The Google Maps app is awesome—until it isn’t. On back roads without a cell signal, you were better off with a trusty topo or paper atlas.
That changed a few weeks ago when Google announced that its maps, destination searches, and turn-by-turn directions will be available offline, using the phone’s built-in GPS chip rather than its cell antenna. The feature is currently only available for Android (Google says iOS is coming) and it only works for roads, but it’s a big step toward enabling backcountry users and world travelers to rely on the digital guides no matter where they're going.
But while the feature sounds great in theory, I wanted to find out how well it worked in the field. First, I downloaded a map of a Muizenberg, a popular surf town just outside Cape Town, South Africa. I found the town in the app, then zoomed out a bit so I had a map of the surrounding area, too. Next, I hit the download button, and Google warned me that the map would take 1.5 gigs of memory—which is fairly reasonable, as the map encompassed Muizenberg, all of nearby Cape Town, many of its suburbs, as well as the Cape of Good Hope (several hundred square miles all together). Most phones have plenty of space for a couple maps this size. The biggest map Google will let you download covers 120,000 square kilometers—or about half the United Kingdom. Google officials warned me that the app prefers to download maps over WiFi to avoid racking up a big data bill, but you can override that feature if needed.
Once the map was on my phone (it stays there for 30 days and then expires, but you can re-download), I turned off the cell signal. I found I could easily search for locations (restaurants, addresses, etc.) within my specified geographic area, and could have received turn-by-turn directions from the middle of Cape Town to the beach at Muizenberg. The app functioned just the same as if I was connected to a cell tower.

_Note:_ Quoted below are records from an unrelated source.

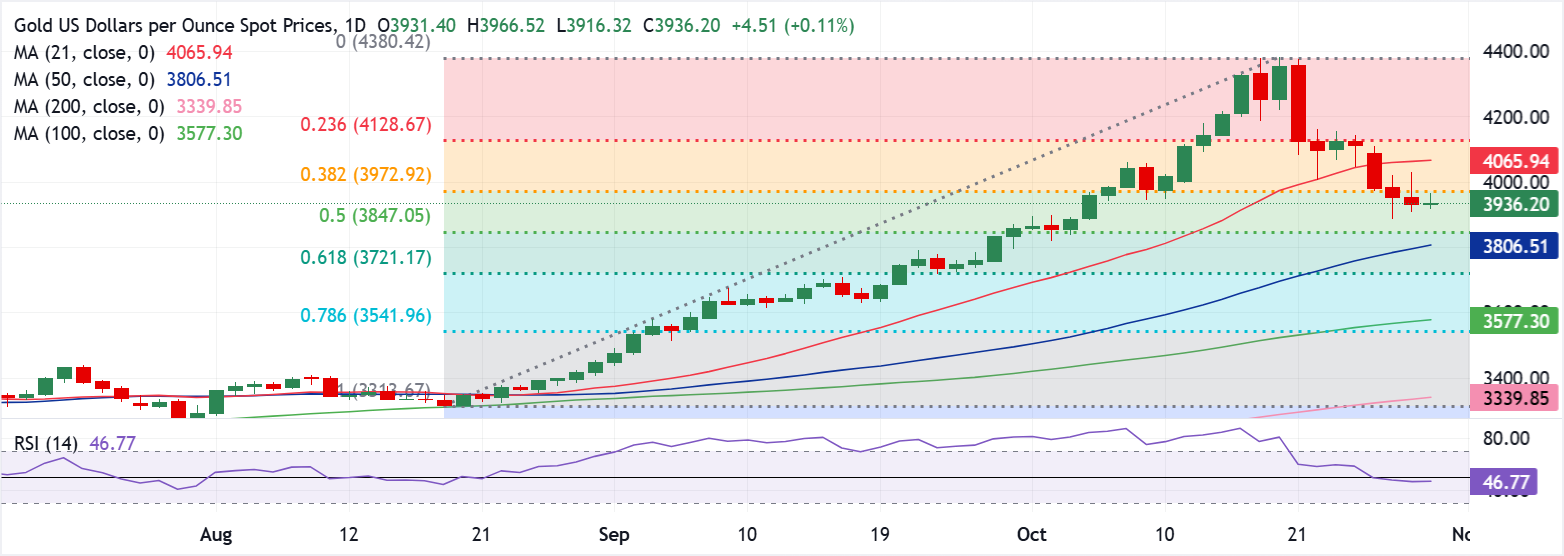 في الرسم البياني اليومي، يتم تداول XAU/USD حاليًا حول 3938 دولار. يتقدم المتوسط المتحرك البسيط 21 صعوديًا فوق المتوسطات الأطول، بما يتماشى مع الزخم الصعودي السائد؛ حيث يقف المتوسط المتحرك البسيط 21 عند 4066 دولار، ويعمل كحاجز أمام الارتفاع الفوري. علاوة على ذلك، فإن المتوسط المتحرك البسيط 50 أيضًا صعودي، ويتقدم أدنى من المتوسط الأقصر؛ حيث يقف المتوسط المتحرك البسيط 50 عند 3807 دولار. تحت السعر الحالي، يوفر المتوسط المتحرك البسيط 50 عند 3807 دولار، والمتوسط المتحرك البسيط 100 عند 3577 دولار، والمتوسط المتحرك البسيط 200 عند 3340 دولار مستويات دعم متتالية، بينما يعمل المتوسط المتحرك البسيط 21 عند 4066 دولار كمقاومة. انخفض مؤشر القوة النسبية (14) إلى 47، متجاوزًا خطه الوسيط المحايد 50 بعد قراءات سابقة في منطقة ذروة الشراء الشديدة؛ حيث يقلل الارتفاع الأخير من 46 من الزخم الهبوطي ويفضل التماسك حيث تظل الهيكلية الأوسع للمتوسطات المتحركة إيجابية.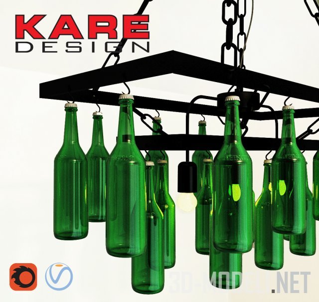 Двухъярусная люстра из пивных бутылок зеленого стекла, от бренда Kare design. Основанием люстры служит черная рама, подвешенная на цепях. Пивные бутылки висят на небольших крюках, воткнутых в пробки. Три лампы в патронах размещены в середине светильника.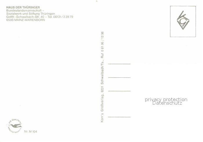 72663209 Marienborn Mainz Haus der Thueringer postalisch nicht gelaufen Erhaltung siehe scans [NatalD47] KatCode: 11110007315000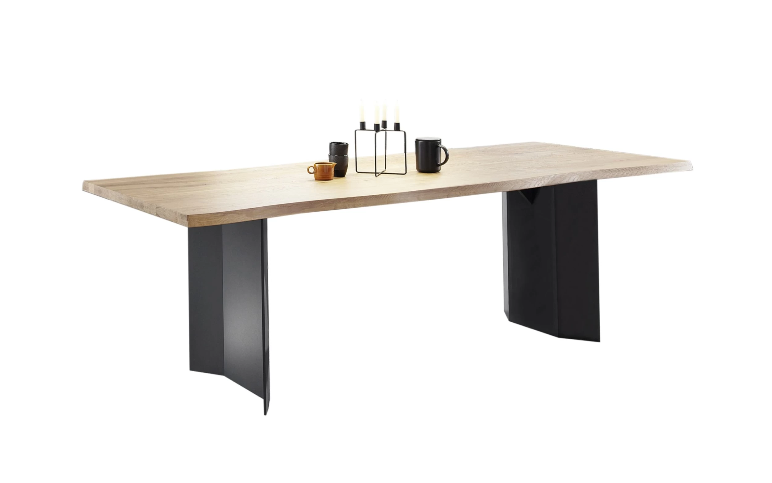 Ausführung in Kernesche massiv anthrazit gebeizt, mit fester Platte, Tischkante mit Baumkantenprofil.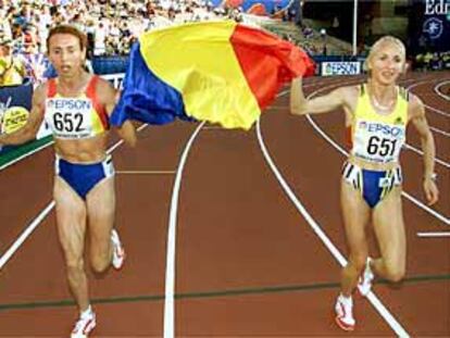 Gabriela Szabo, a la derecha, y Violeta Szekely dan la vuelta de honor al estadio con la bandera rumana tras la final de los 1.500.

For my U.S. test, I downloaded a map of eastern New York and then used it to navigate to a local mountain-bike trail system called Lippman Park in Wawarsing, where cell coverage is lousy. Once again, navigation was spot-on, even when the cell signal disappeared entirely.

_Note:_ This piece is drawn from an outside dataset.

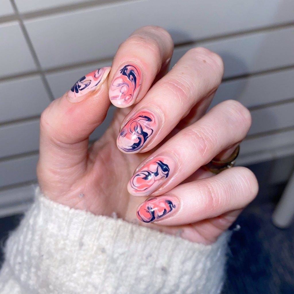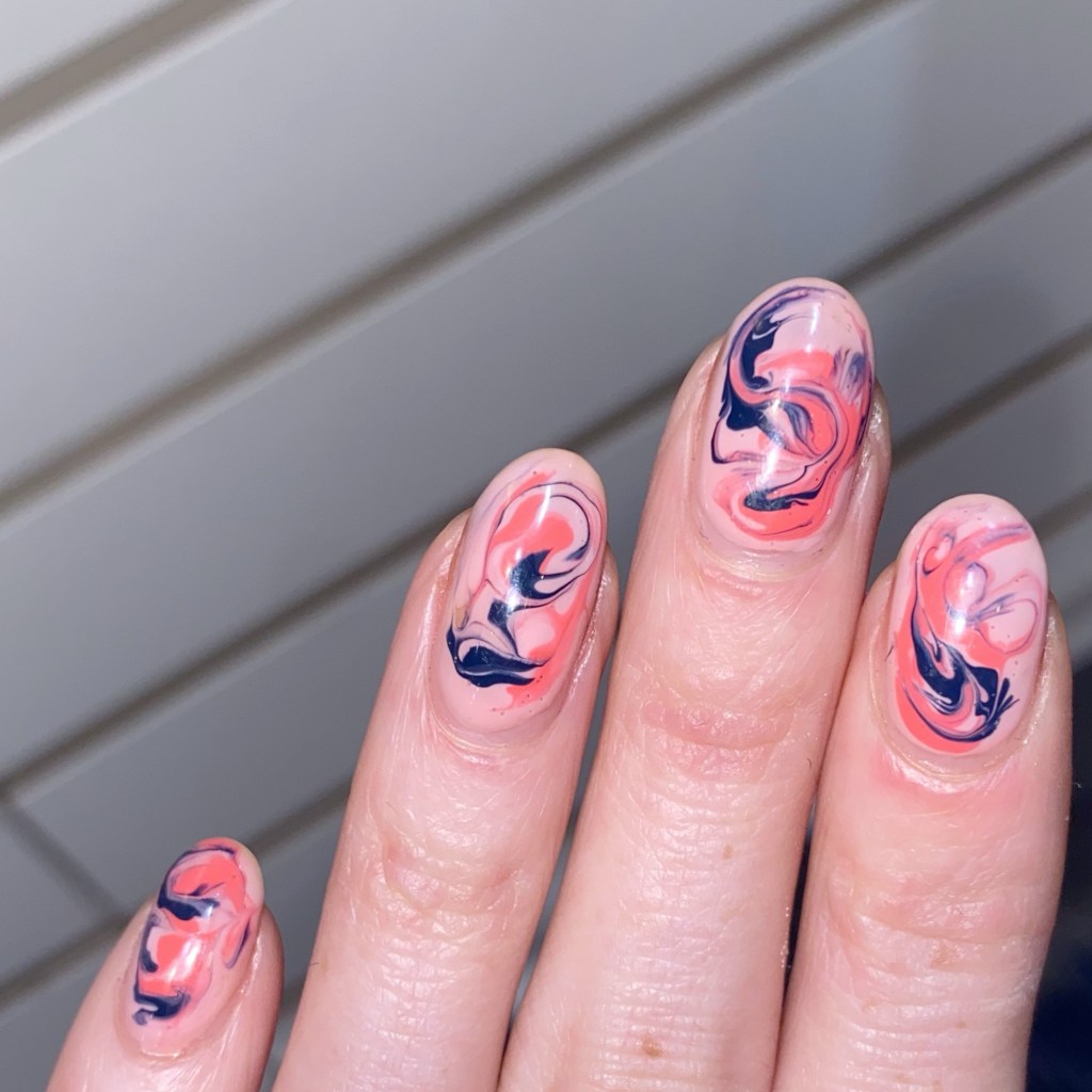 My idea was to do a sheer-ish base, with a neon drag marble. But then I decided to go with a little navy blue & sort of neon. It wasn’t originally the planned design, but I think it turned out nice. Drag marbles are just some of my favourite easy designs, & they look good on any nail length (which I love).

Bottom line: The feature is perfect for international travelers who don't want to hassle with a data plan and for adventurers who frequently find themselves out of cell range. It also seems like it would be useful for navigating Google’s ski-resort and trail maps, where cell service is often non-existent, but there’s no word yet on whether the company will make these services available. We sure hope they do.